2. Give yourself extra room. This applies to stopping as well as the distance you keep between yourself and other vehicles.
3. Be cautious while driving on overpasses and bridges. These areas will ice over long before other areas of the road.
4. Clear your entire windshield. The small 6-by-6-inch porthole you quickly scraped directly in front of the steering wheel will not allow you enough field of view to see dangers. Take the time to scrape it all off.
5. Don’t pass snowplows. For an explanation of why we will look at a statement from the Wisconsin Department of Transportation, “Snowplows have wing plow blades that can extend anywhere between 2 and 10 feet beyond the width of the truck. This wing plow blade is often not seen because of the snow cloud being kicked up by the snowplow. These wing plows can often weigh as much as a compact car.”
STAY ON THE ROAD
In the event that you spin on the ice, it is important to stay calm and avoid slamming on the brakes. Many cars are fitted with ABS (anti-lock brakes) and they do not work well on ice. They will often lock up on ice regardless of their make or design.

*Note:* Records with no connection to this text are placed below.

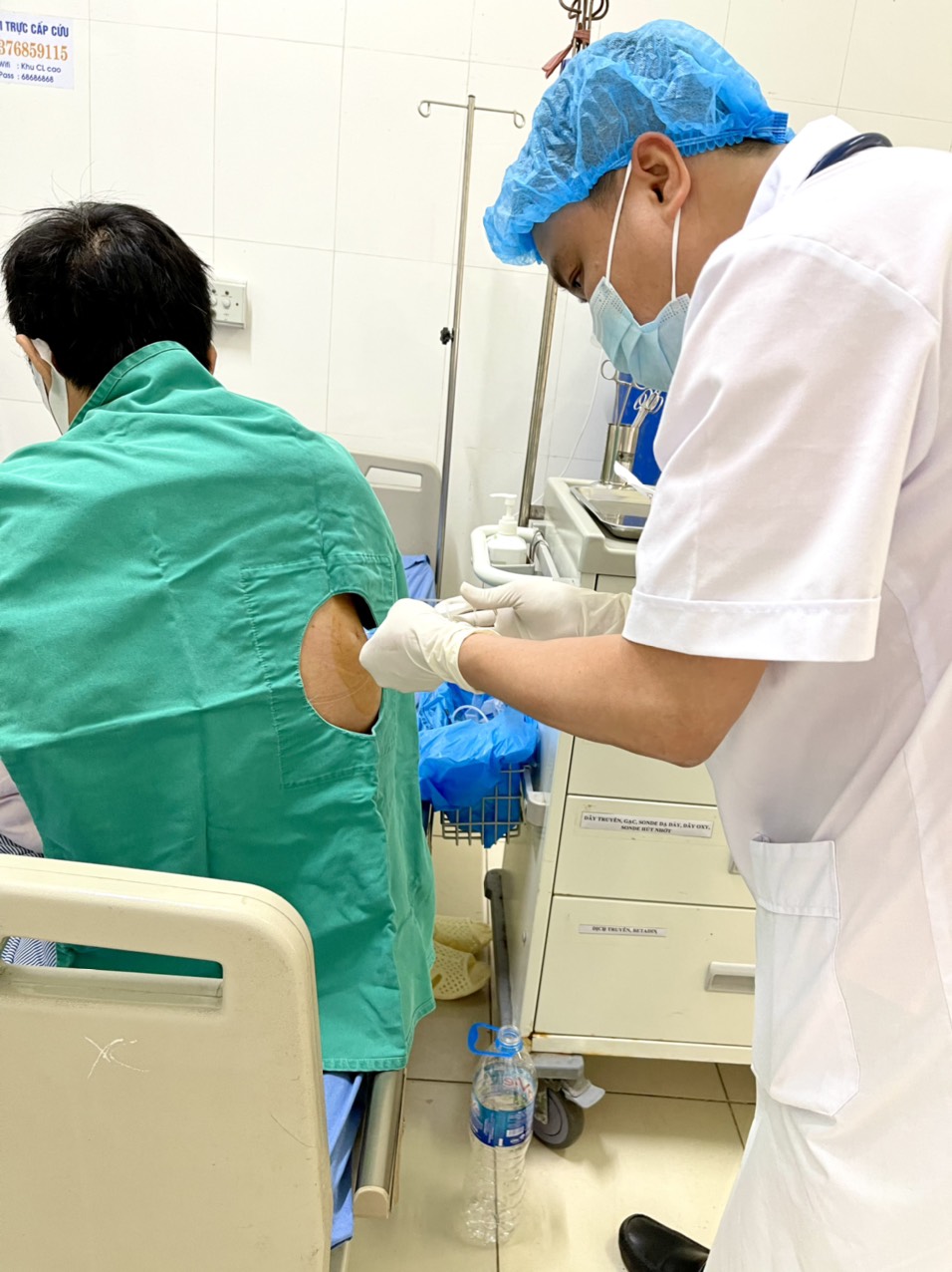 + Đo HA, đếm mạch, nhịp thở, xem bệnh nhân có ho ra máu không.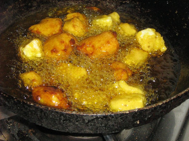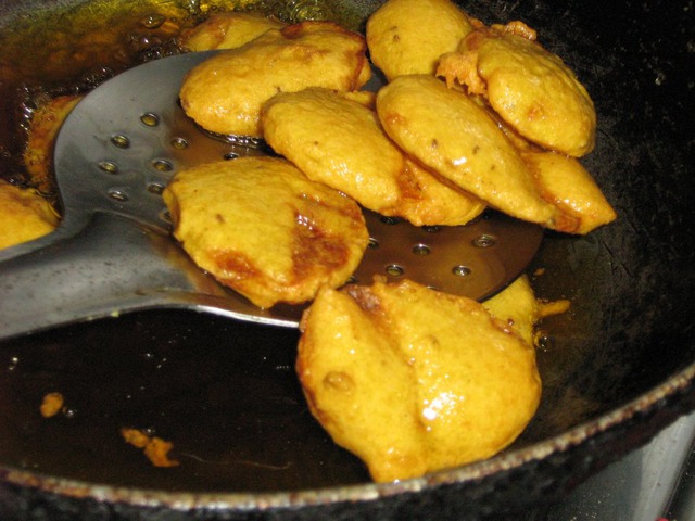 | Пакори - это кусочки овощей или панира (пресный сыр типа адыгейского) жаренные в тесте. Тесто, как правило, делают из бесан - муки из гороха нут (чхоле, нохут). Самые распространeнные пакори из панира, картофеля, баклажан, помидора, лука, листьев шпината. Эту закуску подают с соусом чатни (рецепт напечатан ранее) или с кетчупом. Едят непременно с пылу-жару, хрустящие. Я готовила пакори из панира, картофеля и баклажанов. |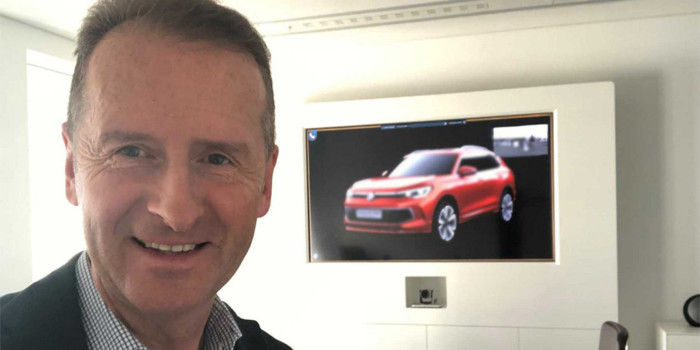 Глава Volkswagen Герберт Дісс в соціальній мережі Linkedin розповів про те, як компанія адаптується до роботи у віддаленому режимі через пандемію коронавірусу. Крім цього топ-менеджер опублікував свою фотографію, де на задньому плані можна побачити відеоекран із зображенням нового кросовера.

MAINTAIN CONTROL: If your wheels are locked and sliding, it will be difficult to regain control. Also, turn into the direction of the slide. Do so gently and with control; over-steering will simply start you spinning in the opposite direction. Once you have stopped the slide, make sure you are clear of danger and get back on your way. If you are stuck and unable to move, call for help and get back into your vehicle if it is safe to do so. Make sure the exhaust pipe is clear of snow and run the car sparingly in order to save fuel. An obstructed exhaust pipe can lead to carbon-monoxide buildup inside the car, which can be lethal.
SAFE EXIT: In the event that you collide with an object, once again try to stay calm. Wait until any other vehicles have stopped around you before exiting your car. Evaluate the damage and call for help if necessary. If you end up flipped over in your vehicle, orient yourself then slowly release your seatbelt and exit the vehicle. This is a scenario where a seatbelt cutter/window-breaking tool is handy. These devices allow you to safely cut through a seat belt and to break car glass if needed, allowing you to escape.
PREP TO SURVIVE: Lastly, we need to mention that prevention is key. By taking care to winterize your vehicle, you can avoid a majority of the winter frustrations that people have. These include checking your tires for sufficient tread, managing your oil changes to reflect current temperatures, testing your battery and making certain your anti-freeze is at a 50/50 mix to avoid a frozen radiator. Preparation and education are the two words to remember when facing winter roads. Take your time and be extra aware. This will help avoid dangers and get you safely to your destination.